Hizbullah, İsrail istihbaratı tarafından takip edilmemek için cep telefonlarını bırakıp çağrı cihazı kullanmaya başlamıştı. Kaynaklar, bu kararın ardından milyonlarca dolarlık yatırımla üretimin artırıldığını ve Lübnan'a bubi tuzağı haline getirilmiş binlerce cihaz sokulduğunu söylüyor.

Öte yandan ikinci dalga saldırıda telsiz ve güneş enerji panellerinin nasıl patlatıldığı henüz bilinmiyor.

NYT'nin patlayan telsizlerin görüntülerinden yola çıkarak yaptığı analizde, bunların çağrı cihazlarından daha ağır ve büyük olduğuna, bu yüzden daha fazla hasar yarattığına işaret ediliyor. 

Ayrıca telsizlerin patlamasıyla daha büyük yangınlar çıktığına, bunun da çağrı cihazlarına kıyasla telsizlere daha fazla patlayıcı yerleştirilmiş olabileceğini gösterdiğine dikkat çekiliyor.
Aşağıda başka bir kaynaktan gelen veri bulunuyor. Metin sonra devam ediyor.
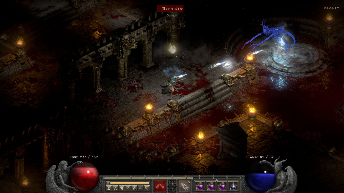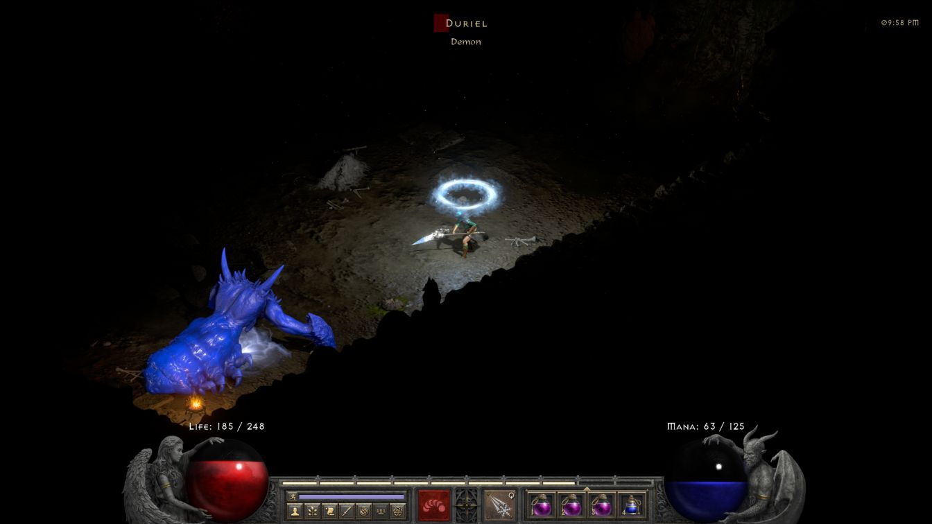 There was a convenient skill shrine located near Mephisto's platform at the back of Durance 3 which I used for some additional damage against the boss. Mephisto was a ranged caster much like Blanche herself and the two of them both sat at long distance tossing spells at one another for several minutes. I kept Blanche far enough away that she wouldn't get hit by Mephisto's poison and could dodge the Charged Bolts without much effort, though despite my best efforts I did get nailed by the lightning and cold shot occasionally. While those things definitely hurt, there was always time to drink a red potion and recover HP before Mephisto's next followup spell. Things never became serious enough to require drinking a purple potion off belt and Blanche wore down Mephisto's healthbar over the course of about two minutes of firing Ice Bolts. This was a smoother boss fight than Duriel had been.

Lübnan'ın açıkladığı rakamlara göre telsizlerin patlatılmasıyla en az 71 ev ve dükkanla 18 sivil araç ve motosiklet yandı. 
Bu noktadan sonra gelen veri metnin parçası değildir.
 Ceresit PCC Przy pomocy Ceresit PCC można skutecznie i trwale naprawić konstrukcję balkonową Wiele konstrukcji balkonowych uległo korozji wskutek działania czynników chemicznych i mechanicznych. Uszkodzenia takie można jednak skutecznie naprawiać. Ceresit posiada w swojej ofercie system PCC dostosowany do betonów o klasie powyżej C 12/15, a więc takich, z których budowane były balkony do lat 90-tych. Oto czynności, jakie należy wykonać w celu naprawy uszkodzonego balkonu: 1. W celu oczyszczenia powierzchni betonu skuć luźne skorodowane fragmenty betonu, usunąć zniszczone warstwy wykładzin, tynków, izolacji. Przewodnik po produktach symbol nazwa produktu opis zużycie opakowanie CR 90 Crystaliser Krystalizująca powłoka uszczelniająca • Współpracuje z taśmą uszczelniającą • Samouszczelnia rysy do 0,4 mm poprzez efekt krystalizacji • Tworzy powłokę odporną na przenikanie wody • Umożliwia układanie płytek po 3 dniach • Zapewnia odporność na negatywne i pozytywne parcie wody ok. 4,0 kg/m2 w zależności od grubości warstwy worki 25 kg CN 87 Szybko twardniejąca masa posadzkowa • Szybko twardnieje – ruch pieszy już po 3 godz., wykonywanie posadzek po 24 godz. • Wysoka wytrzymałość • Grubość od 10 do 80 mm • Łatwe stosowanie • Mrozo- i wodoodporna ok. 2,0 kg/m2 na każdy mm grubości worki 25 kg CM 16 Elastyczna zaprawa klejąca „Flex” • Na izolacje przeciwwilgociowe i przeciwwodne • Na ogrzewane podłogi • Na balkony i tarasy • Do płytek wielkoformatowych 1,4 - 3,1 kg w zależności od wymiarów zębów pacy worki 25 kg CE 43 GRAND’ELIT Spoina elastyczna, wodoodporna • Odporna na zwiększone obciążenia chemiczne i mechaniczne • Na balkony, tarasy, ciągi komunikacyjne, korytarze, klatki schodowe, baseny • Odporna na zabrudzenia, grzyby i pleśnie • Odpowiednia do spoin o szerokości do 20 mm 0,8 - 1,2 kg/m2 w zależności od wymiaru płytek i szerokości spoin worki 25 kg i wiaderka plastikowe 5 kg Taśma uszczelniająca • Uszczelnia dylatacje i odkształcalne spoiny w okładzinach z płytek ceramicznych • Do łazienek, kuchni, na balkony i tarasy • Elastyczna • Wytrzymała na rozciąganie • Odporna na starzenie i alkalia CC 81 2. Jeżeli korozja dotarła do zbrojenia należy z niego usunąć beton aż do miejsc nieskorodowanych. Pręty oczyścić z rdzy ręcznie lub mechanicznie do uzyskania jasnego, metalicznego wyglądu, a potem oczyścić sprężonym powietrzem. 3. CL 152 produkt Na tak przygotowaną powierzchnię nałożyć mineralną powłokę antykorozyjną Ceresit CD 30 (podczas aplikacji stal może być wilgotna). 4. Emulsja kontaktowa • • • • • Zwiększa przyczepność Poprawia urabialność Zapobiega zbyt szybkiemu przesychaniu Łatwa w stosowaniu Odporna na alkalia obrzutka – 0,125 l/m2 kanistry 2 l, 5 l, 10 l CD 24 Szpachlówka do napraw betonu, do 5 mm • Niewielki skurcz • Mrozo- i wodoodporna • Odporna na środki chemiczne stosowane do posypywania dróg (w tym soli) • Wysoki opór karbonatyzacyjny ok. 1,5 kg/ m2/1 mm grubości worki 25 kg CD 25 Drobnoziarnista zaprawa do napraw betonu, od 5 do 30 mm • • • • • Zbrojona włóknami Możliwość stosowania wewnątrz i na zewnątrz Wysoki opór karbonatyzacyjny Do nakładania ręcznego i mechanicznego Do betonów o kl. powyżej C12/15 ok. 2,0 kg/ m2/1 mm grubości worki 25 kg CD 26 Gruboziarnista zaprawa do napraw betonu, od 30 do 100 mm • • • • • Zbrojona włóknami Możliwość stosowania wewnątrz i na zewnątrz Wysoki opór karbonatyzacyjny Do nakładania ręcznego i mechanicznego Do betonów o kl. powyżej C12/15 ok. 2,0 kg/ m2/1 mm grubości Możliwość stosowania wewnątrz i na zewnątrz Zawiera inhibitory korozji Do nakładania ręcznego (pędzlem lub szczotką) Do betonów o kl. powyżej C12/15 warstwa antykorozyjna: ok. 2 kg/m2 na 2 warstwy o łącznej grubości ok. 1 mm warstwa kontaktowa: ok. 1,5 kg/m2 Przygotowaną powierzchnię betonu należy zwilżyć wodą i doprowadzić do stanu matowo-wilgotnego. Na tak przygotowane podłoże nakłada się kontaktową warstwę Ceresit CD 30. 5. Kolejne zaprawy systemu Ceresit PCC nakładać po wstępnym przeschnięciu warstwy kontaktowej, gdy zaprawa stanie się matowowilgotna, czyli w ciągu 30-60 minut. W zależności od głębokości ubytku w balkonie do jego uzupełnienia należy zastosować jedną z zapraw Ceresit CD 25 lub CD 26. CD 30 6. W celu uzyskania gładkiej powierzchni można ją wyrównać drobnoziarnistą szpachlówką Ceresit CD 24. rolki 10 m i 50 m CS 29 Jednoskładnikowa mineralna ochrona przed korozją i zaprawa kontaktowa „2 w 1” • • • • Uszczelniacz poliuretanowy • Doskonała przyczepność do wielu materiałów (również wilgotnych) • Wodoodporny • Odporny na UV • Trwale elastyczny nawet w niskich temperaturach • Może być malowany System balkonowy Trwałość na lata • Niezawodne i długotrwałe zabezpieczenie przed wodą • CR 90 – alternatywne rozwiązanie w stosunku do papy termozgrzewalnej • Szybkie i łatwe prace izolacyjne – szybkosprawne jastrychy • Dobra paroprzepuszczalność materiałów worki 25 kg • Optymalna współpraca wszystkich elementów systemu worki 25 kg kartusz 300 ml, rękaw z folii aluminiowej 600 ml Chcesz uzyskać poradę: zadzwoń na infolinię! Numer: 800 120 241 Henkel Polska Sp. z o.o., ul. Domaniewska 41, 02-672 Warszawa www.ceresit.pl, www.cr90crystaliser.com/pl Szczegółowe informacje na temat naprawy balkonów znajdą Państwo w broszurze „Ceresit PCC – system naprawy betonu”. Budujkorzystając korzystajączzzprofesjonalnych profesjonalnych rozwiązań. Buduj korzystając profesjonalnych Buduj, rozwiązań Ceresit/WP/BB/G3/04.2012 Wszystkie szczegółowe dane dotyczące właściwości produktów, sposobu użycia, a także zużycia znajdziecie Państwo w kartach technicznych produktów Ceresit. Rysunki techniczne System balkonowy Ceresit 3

Telsizlerden bazılarında Japon firması Icom'un amblemi görülüyor. Ancak şirket, IC-V82 model numaralı telsizlerin ve bunlarda kullanılan bataryaların üretiminin neredeyse 10 yıl önce durdurulduğunu belirtiyor. Patlayıcıların bu cihazlara nasıl yerleştirildiğiyse henüz netleştirilemedi. Icom, bu telsizlerin sahte olabileceğini öne sürüyor.

Lübnan medyasındaki haberlerde, saldırıda en az iki güneş enerjisi panelinin de alev aldığı bildiriliyor. Saldırılarda çıkan küçük çaplı yangınların söndürüldüğü bildirilirken, patlamada bir kız çocuğunun yaralandığı aktarılıyor. Ancak bu panellerin infilak ettirilen diğer cihazların etkisiyle mi alev aldığı yoksa uzaktan kumandayla mı patlatıldığı belli değil. 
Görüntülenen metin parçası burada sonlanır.